When I was a kid, boys were supposed to play with guns and knives and other impliments of destruction. My toys had missiles, multi-barrel laser cannons, and backpack mounted nukes. They fought eternal (and pointless) wars against villians equipped with all manner of devistating weaponry. Today's kid's stuff, while certainly far from violence free, have taken a decidedly wimpy turn. Now, this may objectively be a good thing. After all, there is little to recommend in the pointless application of force. But even so, I can't help but feel that little boys (and girls, if they're into that stuff) ought to spend their time pretending to blow stuff up.

Friday, March 04, 2005

More than meets the eye

Of course, no discussion of late eighties childhood toys would be complete without the Transformers.
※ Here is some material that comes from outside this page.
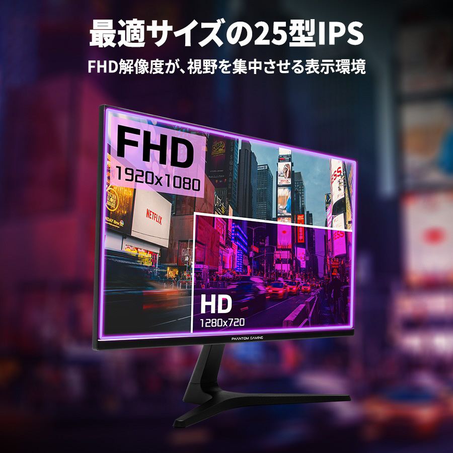 | 仕様1 | ●カラー:ブラック ●製品サイズ:W557×H432×D205mm(スタンド取付時) ●製品重量:2.97kg(スタンド取付時) ●搭載パネル:25型 IPSパネル アンチグレア(フラット) ●解像度:FHD(1920×1080) ●コントラスト比:1000:1 ●リフレッシュレート:180Hz(最大) ●視野角:178度(縦横) ●応答速度:1ms MPRT/ 1ms GTG ●色域:94% DCI-P3 / 126% sRGB ●輝度:300cd/m2(標準) |

Damn these things were so cool. Especially in the beginning, when they were made out of diecast metal. Later, when they got cheap, they were made out of plastic. But even that wasn't so bad, because they started to come with neat options like seperate little head robots.
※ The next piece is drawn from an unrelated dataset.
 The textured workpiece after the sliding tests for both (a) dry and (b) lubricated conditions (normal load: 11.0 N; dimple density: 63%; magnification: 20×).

As a child I had few ambitions greater than the pursuit of Transformers. I snatched them up by the accumulation of my meager allowance, forsaking other diversions such as baseball cards (which I always regarded as boring - I mean, they don't *do* anything! They're just stupid cardstock with some dumb jock plastered over the front!) or candy. Now I wish I'd just kept my collection in good shape. I don't have any of them anymore, I don't think, unless there's some put away in storage somewhere. However, even if any had remained, I'm afraid the tender mercies of an imaginative child would ensure they were in no better than abysmal condition.

Thursday, March 03, 2005

Animal Farm

Today's toy spotlight falls on Barnyard Commandos. I'm not sure if anyone else ever had any, but they were these funny plastic animal things that you mounted with all manner of guns. There were two sides, pigs and rams. Every toy came with a copy of that side's secret battle language. The pigs spoke pig latin, and the rams had a language too but I don't remember the name. They were actually incredibly stupid toys, so it is to my credit that I never had more than one or two. Even so, I wish I'd kept one to have around.

Tuesday, March 01, 2005

The Eternal Struggle

Did anyone else ever have any Battle Beasts? They were little rubber monster-things, approximately the same size as muscle men, but they weren't that weird pink and they had a holographic sticker you had to rub like old Transformers. The sticker would tell you what element the monster belonged to. Of course, with the earlier ones you could tell anyway, since they were all color coded. But they changed that later, so then you had to rub the sticker. I still remember the commercial.

"Fire beats Wood. Wood beats Water. Water beats Fire."